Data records
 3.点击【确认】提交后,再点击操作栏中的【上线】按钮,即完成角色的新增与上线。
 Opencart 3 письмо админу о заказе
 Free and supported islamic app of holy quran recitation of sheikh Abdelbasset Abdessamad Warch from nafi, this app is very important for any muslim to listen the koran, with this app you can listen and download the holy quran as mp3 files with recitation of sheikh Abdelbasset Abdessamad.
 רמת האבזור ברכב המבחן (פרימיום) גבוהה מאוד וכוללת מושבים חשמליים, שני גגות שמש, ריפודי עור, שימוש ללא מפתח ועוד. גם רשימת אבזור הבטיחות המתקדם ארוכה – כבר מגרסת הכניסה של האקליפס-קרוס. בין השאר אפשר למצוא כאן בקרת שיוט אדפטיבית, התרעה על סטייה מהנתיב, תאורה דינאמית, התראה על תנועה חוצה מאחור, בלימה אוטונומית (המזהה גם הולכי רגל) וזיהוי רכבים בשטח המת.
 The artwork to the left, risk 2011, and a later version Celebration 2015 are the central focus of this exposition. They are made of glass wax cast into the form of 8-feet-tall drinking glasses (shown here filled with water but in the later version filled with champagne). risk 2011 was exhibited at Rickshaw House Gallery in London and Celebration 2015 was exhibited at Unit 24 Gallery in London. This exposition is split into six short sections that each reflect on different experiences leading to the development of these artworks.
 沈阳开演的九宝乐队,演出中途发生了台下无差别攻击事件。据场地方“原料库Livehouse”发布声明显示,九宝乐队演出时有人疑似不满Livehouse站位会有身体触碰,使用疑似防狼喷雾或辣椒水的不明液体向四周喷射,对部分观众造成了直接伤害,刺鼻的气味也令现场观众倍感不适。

__DIRECTIONS FOR THIS TASK__. Once the line with "The artwork to" is found, transcribe it and each line after it through the final line of the entries, exactly and only.

__EXERCISE ANSWER__.
 The artwork to the left, risk 2011, and a later version Celebration 2015 are the central focus of this exposition. They are made of glass wax cast into the form of 8-feet-tall drinking glasses (shown here filled with water but in the later version filled with champagne). risk 2011 was exhibited at Rickshaw House Gallery in London and Celebration 2015 was exhibited at Unit 24 Gallery in London. This exposition is split into six short sections that each reflect on different experiences leading to the development of these artworks.
 沈阳开演的九宝乐队,演出中途发生了台下无差别攻击事件。据场地方“原料库Livehouse”发布声明显示,九宝乐队演出时有人疑似不满Livehouse站位会有身体触碰,使用疑似防狼喷雾或辣椒水的不明液体向四周喷射,对部分观众造成了直接伤害,刺鼻的气味也令现场观众倍感不适。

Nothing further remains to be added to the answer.